(Collected data entries)
************
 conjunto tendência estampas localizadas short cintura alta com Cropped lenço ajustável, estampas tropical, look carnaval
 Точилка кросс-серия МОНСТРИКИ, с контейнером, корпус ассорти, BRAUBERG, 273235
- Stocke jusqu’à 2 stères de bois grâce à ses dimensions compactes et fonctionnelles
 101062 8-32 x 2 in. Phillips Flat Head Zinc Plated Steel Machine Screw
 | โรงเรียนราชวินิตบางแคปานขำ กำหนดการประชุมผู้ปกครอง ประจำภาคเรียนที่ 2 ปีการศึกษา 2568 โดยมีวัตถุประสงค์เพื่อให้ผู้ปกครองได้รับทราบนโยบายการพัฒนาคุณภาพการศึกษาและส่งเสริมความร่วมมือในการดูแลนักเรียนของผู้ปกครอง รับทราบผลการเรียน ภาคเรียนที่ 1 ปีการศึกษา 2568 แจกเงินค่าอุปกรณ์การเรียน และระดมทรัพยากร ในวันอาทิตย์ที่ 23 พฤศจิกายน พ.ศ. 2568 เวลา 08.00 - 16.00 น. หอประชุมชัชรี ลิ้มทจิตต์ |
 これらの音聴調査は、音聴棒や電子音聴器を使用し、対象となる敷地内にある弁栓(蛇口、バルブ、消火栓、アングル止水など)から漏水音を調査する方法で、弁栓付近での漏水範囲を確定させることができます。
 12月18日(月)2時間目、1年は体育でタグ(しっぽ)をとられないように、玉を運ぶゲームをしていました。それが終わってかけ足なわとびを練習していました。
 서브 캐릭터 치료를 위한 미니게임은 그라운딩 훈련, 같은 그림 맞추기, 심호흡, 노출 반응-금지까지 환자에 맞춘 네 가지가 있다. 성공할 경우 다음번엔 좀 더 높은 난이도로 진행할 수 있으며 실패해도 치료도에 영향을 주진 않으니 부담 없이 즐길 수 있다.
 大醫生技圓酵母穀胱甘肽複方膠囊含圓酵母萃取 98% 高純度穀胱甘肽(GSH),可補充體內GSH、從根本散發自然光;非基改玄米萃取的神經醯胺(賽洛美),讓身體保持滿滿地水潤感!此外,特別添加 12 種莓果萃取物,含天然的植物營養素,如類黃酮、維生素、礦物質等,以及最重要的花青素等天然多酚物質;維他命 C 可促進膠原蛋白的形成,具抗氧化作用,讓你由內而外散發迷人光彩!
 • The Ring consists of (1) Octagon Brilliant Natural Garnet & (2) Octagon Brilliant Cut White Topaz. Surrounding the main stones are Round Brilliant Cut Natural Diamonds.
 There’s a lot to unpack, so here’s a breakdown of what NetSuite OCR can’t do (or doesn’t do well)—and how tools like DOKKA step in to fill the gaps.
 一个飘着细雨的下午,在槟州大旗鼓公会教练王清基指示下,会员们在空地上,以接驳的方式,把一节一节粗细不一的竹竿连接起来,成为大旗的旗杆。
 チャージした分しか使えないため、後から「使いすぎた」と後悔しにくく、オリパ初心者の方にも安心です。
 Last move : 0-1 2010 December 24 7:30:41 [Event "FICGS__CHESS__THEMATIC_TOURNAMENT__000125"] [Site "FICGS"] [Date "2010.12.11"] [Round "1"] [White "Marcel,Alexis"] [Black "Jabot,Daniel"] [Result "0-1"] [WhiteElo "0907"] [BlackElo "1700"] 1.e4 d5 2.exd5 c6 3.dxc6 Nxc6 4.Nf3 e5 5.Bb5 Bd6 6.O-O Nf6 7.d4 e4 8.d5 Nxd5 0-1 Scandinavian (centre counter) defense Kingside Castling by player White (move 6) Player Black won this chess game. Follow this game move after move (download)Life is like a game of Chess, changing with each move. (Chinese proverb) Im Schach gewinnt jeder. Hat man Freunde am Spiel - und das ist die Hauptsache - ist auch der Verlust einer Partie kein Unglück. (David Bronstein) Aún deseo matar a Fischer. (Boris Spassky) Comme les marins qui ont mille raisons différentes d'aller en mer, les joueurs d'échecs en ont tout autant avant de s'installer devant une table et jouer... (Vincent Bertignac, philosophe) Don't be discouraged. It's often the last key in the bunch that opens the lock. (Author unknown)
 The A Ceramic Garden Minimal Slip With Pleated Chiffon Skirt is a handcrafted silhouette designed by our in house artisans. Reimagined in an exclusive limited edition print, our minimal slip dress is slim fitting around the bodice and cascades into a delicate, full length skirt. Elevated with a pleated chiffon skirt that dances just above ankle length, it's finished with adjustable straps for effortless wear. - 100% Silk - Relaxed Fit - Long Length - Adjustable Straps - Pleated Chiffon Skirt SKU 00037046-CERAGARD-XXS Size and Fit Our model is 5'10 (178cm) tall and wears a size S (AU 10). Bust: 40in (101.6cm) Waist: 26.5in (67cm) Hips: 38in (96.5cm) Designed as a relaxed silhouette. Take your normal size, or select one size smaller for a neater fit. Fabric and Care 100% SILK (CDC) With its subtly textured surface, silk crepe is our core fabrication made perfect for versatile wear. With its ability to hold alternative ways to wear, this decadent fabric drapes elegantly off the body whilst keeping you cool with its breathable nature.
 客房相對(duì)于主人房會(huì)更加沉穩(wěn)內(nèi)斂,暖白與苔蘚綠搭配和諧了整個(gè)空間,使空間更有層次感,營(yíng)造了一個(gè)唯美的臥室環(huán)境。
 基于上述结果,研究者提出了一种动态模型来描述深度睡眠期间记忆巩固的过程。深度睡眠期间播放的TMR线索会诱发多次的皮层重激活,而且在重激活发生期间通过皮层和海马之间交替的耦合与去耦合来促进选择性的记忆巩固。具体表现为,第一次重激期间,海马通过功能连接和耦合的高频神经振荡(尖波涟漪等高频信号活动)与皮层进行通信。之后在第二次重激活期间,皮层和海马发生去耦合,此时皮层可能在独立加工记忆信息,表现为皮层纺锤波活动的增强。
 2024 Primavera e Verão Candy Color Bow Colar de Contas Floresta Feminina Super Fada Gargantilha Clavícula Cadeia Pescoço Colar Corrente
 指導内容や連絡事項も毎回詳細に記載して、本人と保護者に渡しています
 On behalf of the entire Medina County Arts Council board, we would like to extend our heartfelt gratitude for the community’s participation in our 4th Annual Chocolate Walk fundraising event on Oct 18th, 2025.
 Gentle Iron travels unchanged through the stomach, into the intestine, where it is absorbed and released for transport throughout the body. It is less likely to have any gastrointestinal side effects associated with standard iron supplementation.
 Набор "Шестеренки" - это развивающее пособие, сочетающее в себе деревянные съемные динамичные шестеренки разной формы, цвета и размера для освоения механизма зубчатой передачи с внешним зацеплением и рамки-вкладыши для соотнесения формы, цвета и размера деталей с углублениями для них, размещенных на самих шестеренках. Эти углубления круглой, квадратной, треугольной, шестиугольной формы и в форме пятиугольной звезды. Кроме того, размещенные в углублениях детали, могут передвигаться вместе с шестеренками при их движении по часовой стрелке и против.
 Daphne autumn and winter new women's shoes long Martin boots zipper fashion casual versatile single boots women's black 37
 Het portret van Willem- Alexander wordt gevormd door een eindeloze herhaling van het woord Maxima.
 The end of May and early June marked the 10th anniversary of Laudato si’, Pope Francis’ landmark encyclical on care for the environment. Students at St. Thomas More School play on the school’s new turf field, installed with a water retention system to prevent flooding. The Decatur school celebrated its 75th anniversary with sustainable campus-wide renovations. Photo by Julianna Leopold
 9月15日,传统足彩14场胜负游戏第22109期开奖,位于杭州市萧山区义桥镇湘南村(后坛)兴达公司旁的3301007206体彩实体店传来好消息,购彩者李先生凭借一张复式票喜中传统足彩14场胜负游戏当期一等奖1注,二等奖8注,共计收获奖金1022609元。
************
Transcribe the data exactly.

Solved problem.
 conjunto tendência estampas localizadas short cintura alta com Cropped lenço ajustável, estampas tropical, look carnaval
 Точилка кросс-серия МОНСТРИКИ, с контейнером, корпус ассорти, BRAUBERG, 273235
- Stocke jusqu’à 2 stères de bois grâce à ses dimensions compactes et fonctionnelles
 101062 8-32 x 2 in. Phillips Flat Head Zinc Plated Steel Machine Screw
 | โรงเรียนราชวินิตบางแคปานขำ กำหนดการประชุมผู้ปกครอง ประจำภาคเรียนที่ 2 ปีการศึกษา 2568 โดยมีวัตถุประสงค์เพื่อให้ผู้ปกครองได้รับทราบนโยบายการพัฒนาคุณภาพการศึกษาและส่งเสริมความร่วมมือในการดูแลนักเรียนของผู้ปกครอง รับทราบผลการเรียน ภาคเรียนที่ 1 ปีการศึกษา 2568 แจกเงินค่าอุปกรณ์การเรียน และระดมทรัพยากร ในวันอาทิตย์ที่ 23 พฤศจิกายน พ.ศ. 2568 เวลา 08.00 - 16.00 น. หอประชุมชัชรี ลิ้มทจิตต์ |
 これらの音聴調査は、音聴棒や電子音聴器を使用し、対象となる敷地内にある弁栓(蛇口、バルブ、消火栓、アングル止水など)から漏水音を調査する方法で、弁栓付近での漏水範囲を確定させることができます。
 12月18日(月)2時間目、1年は体育でタグ(しっぽ)をとられないように、玉を運ぶゲームをしていました。それが終わってかけ足なわとびを練習していました。
 서브 캐릭터 치료를 위한 미니게임은 그라운딩 훈련, 같은 그림 맞추기, 심호흡, 노출 반응-금지까지 환자에 맞춘 네 가지가 있다. 성공할 경우 다음번엔 좀 더 높은 난이도로 진행할 수 있으며 실패해도 치료도에 영향을 주진 않으니 부담 없이 즐길 수 있다.
 大醫生技圓酵母穀胱甘肽複方膠囊含圓酵母萃取 98% 高純度穀胱甘肽(GSH),可補充體內GSH、從根本散發自然光;非基改玄米萃取的神經醯胺(賽洛美),讓身體保持滿滿地水潤感!此外,特別添加 12 種莓果萃取物,含天然的植物營養素,如類黃酮、維生素、礦物質等,以及最重要的花青素等天然多酚物質;維他命 C 可促進膠原蛋白的形成,具抗氧化作用,讓你由內而外散發迷人光彩!
 • The Ring consists of (1) Octagon Brilliant Natural Garnet & (2) Octagon Brilliant Cut White Topaz. Surrounding the main stones are Round Brilliant Cut Natural Diamonds.
 There’s a lot to unpack, so here’s a breakdown of what NetSuite OCR can’t do (or doesn’t do well)—and how tools like DOKKA step in to fill the gaps.
 一个飘着细雨的下午,在槟州大旗鼓公会教练王清基指示下,会员们在空地上,以接驳的方式,把一节一节粗细不一的竹竿连接起来,成为大旗的旗杆。
 チャージした分しか使えないため、後から「使いすぎた」と後悔しにくく、オリパ初心者の方にも安心です。
 Last move : 0-1 2010 December 24 7:30:41 [Event "FICGS__CHESS__THEMATIC_TOURNAMENT__000125"] [Site "FICGS"] [Date "2010.12.11"] [Round "1"] [White "Marcel,Alexis"] [Black "Jabot,Daniel"] [Result "0-1"] [WhiteElo "0907"] [BlackElo "1700"] 1.e4 d5 2.exd5 c6 3.dxc6 Nxc6 4.Nf3 e5 5.Bb5 Bd6 6.O-O Nf6 7.d4 e4 8.d5 Nxd5 0-1 Scandinavian (centre counter) defense Kingside Castling by player White (move 6) Player Black won this chess game. Follow this game move after move (download)Life is like a game of Chess, changing with each move. (Chinese proverb) Im Schach gewinnt jeder. Hat man Freunde am Spiel - und das ist die Hauptsache - ist auch der Verlust einer Partie kein Unglück. (David Bronstein) Aún deseo matar a Fischer. (Boris Spassky) Comme les marins qui ont mille raisons différentes d'aller en mer, les joueurs d'échecs en ont tout autant avant de s'installer devant une table et jouer... (Vincent Bertignac, philosophe) Don't be discouraged. It's often the last key in the bunch that opens the lock. (Author unknown)
 The A Ceramic Garden Minimal Slip With Pleated Chiffon Skirt is a handcrafted silhouette designed by our in house artisans. Reimagined in an exclusive limited edition print, our minimal slip dress is slim fitting around the bodice and cascades into a delicate, full length skirt. Elevated with a pleated chiffon skirt that dances just above ankle length, it's finished with adjustable straps for effortless wear. - 100% Silk - Relaxed Fit - Long Length - Adjustable Straps - Pleated Chiffon Skirt SKU 00037046-CERAGARD-XXS Size and Fit Our model is 5'10 (178cm) tall and wears a size S (AU 10). Bust: 40in (101.6cm) Waist: 26.5in (67cm) Hips: 38in (96.5cm) Designed as a relaxed silhouette. Take your normal size, or select one size smaller for a neater fit. Fabric and Care 100% SILK (CDC) With its subtly textured surface, silk crepe is our core fabrication made perfect for versatile wear. With its ability to hold alternative ways to wear, this decadent fabric drapes elegantly off the body whilst keeping you cool with its breathable nature.
 客房相對(duì)于主人房會(huì)更加沉穩(wěn)內(nèi)斂,暖白與苔蘚綠搭配和諧了整個(gè)空間,使空間更有層次感,營(yíng)造了一個(gè)唯美的臥室環(huán)境。
 基于上述结果,研究者提出了一种动态模型来描述深度睡眠期间记忆巩固的过程。深度睡眠期间播放的TMR线索会诱发多次的皮层重激活,而且在重激活发生期间通过皮层和海马之间交替的耦合与去耦合来促进选择性的记忆巩固。具体表现为,第一次重激期间,海马通过功能连接和耦合的高频神经振荡(尖波涟漪等高频信号活动)与皮层进行通信。之后在第二次重激活期间,皮层和海马发生去耦合,此时皮层可能在独立加工记忆信息,表现为皮层纺锤波活动的增强。
 2024 Primavera e Verão Candy Color Bow Colar de Contas Floresta Feminina Super Fada Gargantilha Clavícula Cadeia Pescoço Colar Corrente
 指導内容や連絡事項も毎回詳細に記載して、本人と保護者に渡しています
 On behalf of the entire Medina County Arts Council board, we would like to extend our heartfelt gratitude for the community’s participation in our 4th Annual Chocolate Walk fundraising event on Oct 18th, 2025.
 Gentle Iron travels unchanged through the stomach, into the intestine, where it is absorbed and released for transport throughout the body. It is less likely to have any gastrointestinal side effects associated with standard iron supplementation.
 Набор "Шестеренки" - это развивающее пособие, сочетающее в себе деревянные съемные динамичные шестеренки разной формы, цвета и размера для освоения механизма зубчатой передачи с внешним зацеплением и рамки-вкладыши для соотнесения формы, цвета и размера деталей с углублениями для них, размещенных на самих шестеренках. Эти углубления круглой, квадратной, треугольной, шестиугольной формы и в форме пятиугольной звезды. Кроме того, размещенные в углублениях детали, могут передвигаться вместе с шестеренками при их движении по часовой стрелке и против.
 Daphne autumn and winter new women's shoes long Martin boots zipper fashion casual versatile single boots women's black 37
 Het portret van Willem- Alexander wordt gevormd door een eindeloze herhaling van het woord Maxima.
 The end of May and early June marked the 10th anniversary of Laudato si’, Pope Francis’ landmark encyclical on care for the environment. Students at St. Thomas More School play on the school’s new turf field, installed with a water retention system to prevent flooding. The Decatur school celebrated its 75th anniversary with sustainable campus-wide renovations. Photo by Julianna Leopold
 9月15日,传统足彩14场胜负游戏第22109期开奖,位于杭州市萧山区义桥镇湘南村(后坛)兴达公司旁的3301007206体彩实体店传来好消息,购彩者李先生凭借一张复式票喜中传统足彩14场胜负游戏当期一等奖1注,二等奖8注,共计收获奖金1022609元。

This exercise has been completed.